Tuesday, July 26, 2011

Mail Order Bitches

I am your bitch.  Not only has my profession sold out with transfer coupons, free meds, 15-minute guarantees, and a lack of respect on Capitol Hill, we've given way too much power to mail order over the last 15 years that we're just their bitch as retail pharmacists.
It began inauspiciously enough.  They were a bastard stepchild of retail pharmacy.  When Rite Aid acquired PCS insurance in 1998, the entire industry was in an uproar that it would stifle competition and force customers to only utilize Rite Aid pharmacies.  Under a lot of pressure and SEC issues, the partnership was dissolved.  Around the same time, Merck bought Medco.  No one batted an eye at this collaboration.  Suddenly, employers forced their employees to use mail order and Merck brands were preferred everywhere.  Surprising, no?  What happened next was a way for mail order to not only push us down, but to kick us in the head, piss on our faces, and ask us to smile about it all at the same time; it was called the 14-day mail order override.  Instead of us just billing a prescription and getting a receipt, we needed to process it, get the rejection from the insurance, call the insurance, wait for the override, reprocess it, then finish the prescription.  In other words, it took at least double the work for half a prescription.  Until Walgreen's stood up and said "NO!", we continued to take it.

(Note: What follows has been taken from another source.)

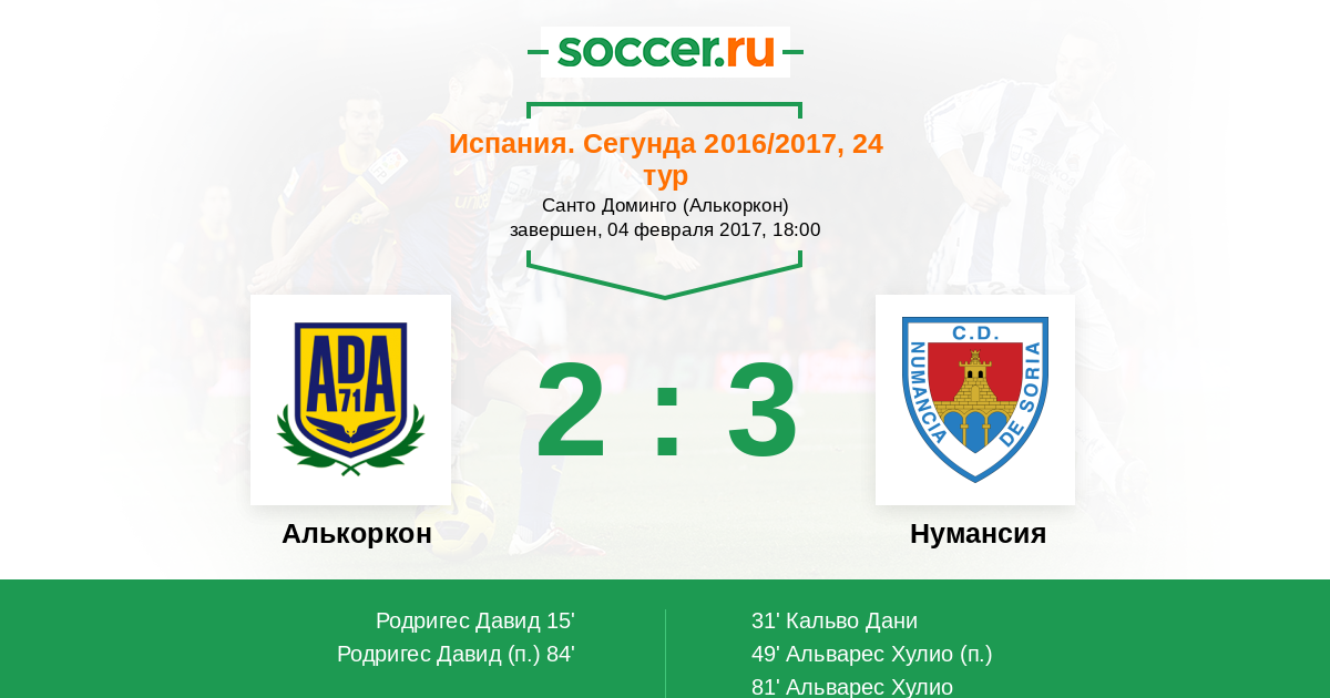 Протокол матча Алькоркон против Нумансия

A side effect of all of this was customers came to us for their non-maintenance meds, but continued to ask questions about their mail order stuff.  Great, that's my job.  However, it has evolved to where we field questions such as "my mail order sent me something different than what you gave me.  What is it?  Is it the same thing?".  My recent interaction went like this: "I used to get this prescription, but they sent me this instead.  I went to my doctor who sent the prescription to mail order and he said he can't help and that I should come here".  Awesome!  So your doctor who wrote your prescription wouldn't help you?  So he sent you to me, a pharmacist, at a store where you do not do business?  And somehow, with only the fact that you are standing in front of me as proof that this is real, I am supposed to answer a question about a new med your doctor wrote and you had filled at not only another pharmacy, but a mail order pharmacy?  Great, could you give me less to go on?

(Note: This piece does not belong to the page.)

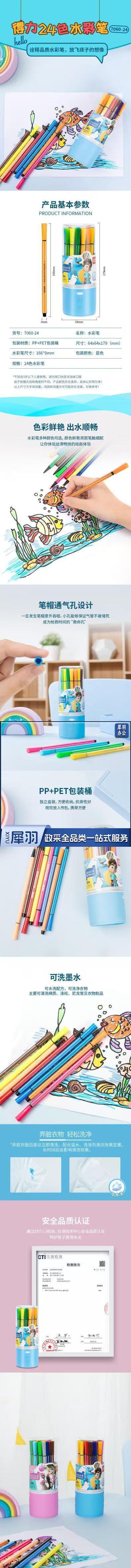 得力7060 细六角杆24色水彩笔 细杆水彩笔套装 涂色画画笔 可洗绘画笔(蓝色1桶)

Yes, this is no different than if you went to a competitor across the street, except that they are just as accessible as I am.  In fact, I can call them myself.  Mail order has traditionally not had that easy connection with its customers.  I will pick up my phone when someone calls and asks for a pharmacist, usually within a minute.  It's like buying produce at one grocery store and complaining to the other grocery store about the first's selection.  Even better, it's like ordering books from Amazon.com, then walking into Barnes and Noble without the book and asking why the cover is different, it has fewer pages, and it costs more here.  If they're where you do business, call them.

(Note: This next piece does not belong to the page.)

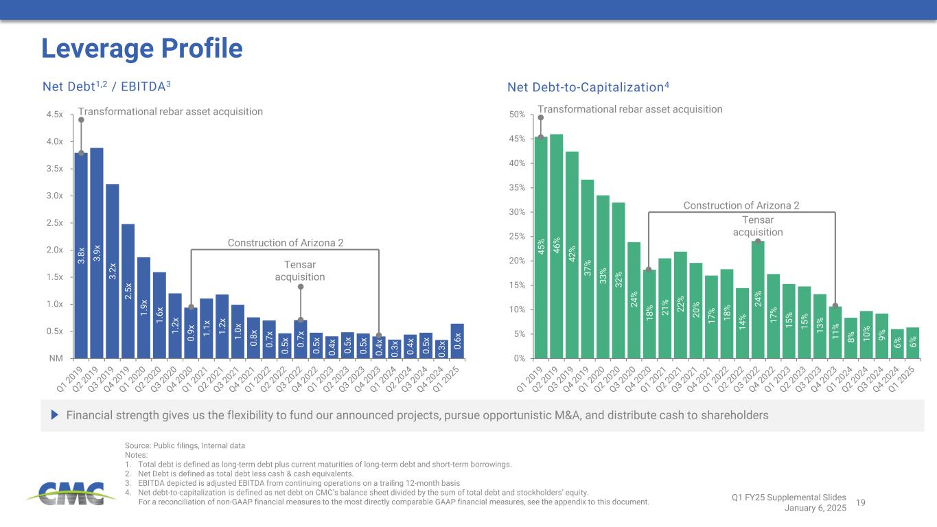 19 3 .8 x 3 .9 x 3 .2 x 2 .5 x 1 .9 x 1 .6 x 1 .2 x 0 .9 x 1 .1 x 1 .2 x 1 .0 x 0 .8 x 0 .7 x 0 .5 x 0 .7 x 0 .5 x 0 .4 x 0 .5 x 0 .5 x 0 .4 x 0 .3 x 0 .4 x 0 .5 x 0 .3 x 0 .6 x NM 0.5x 1.0x 1.5x 2.0x 2.5x 3.0x 3.5x 4.0x 4.5x 4 5 % 4 6 % 4 2 % 3 7 % 3 3 % 3 2 % 2 4 % 1 8 % 2 1 % 2 2 % 2 0 % 1 7 % 1 8 % 1 4 % 2 4 % 1 7 % 1 5 % 1 5 % 1 3 % 1 1 % 8 % 1 0 % 9 % 6 % 6 % 0% 5% 10% 15% 20% 25% 30% 35% 40% 45% 50% Source: Public filings, Internal data Notes: 1. Total debt is defined as long-term debt plus current maturities of long-term debt and short-term borrowings. 2. Net Debt is defined as total debt less cash & cash equivalents. 3. EBITDA depicted is adjusted EBITDA from continuing operations on a trailing 12-month basis 4. Net debt-to-capitalization is defined as net debt on CMC’s balance sheet divided by the sum of total debt and stockholders’ equity. For a reconciliation of non-GAAP financial measures to the most directly comparable GAAP financial measures, see the appendix to this document. Leverage Profile Financial strength gives us the flexibility to fund our announced projects, pursue opportunistic M&A, and distribute cash to shareholders Net Debt1,2 / EBITDA3 Net Debt-to-Capitalization4 Transformational rebar asset acquisition Tensar acquisition Construction of Arizona 2 Transformational rebar asset acquisition Tensar acquisition Construction of Arizona 2 Q1 FY25 Supplemental Slides January 6, 2025

I realize pharmacy options have grown, but if I don't have your information on file, I can't give you the best, correct answer.  I am sorry you chose them over me for whatever reason is personal to you.  I don't really care what the reasons are.  It's akin to transferring your prescriptions to an independent that delivers, but is closed after 5 pm and on weekends and you expect me to bail you out.  You decided to use their services, now you have to learn to operate within them.  I am tired of being your bitch just because you like some of their services better than what I have to offer.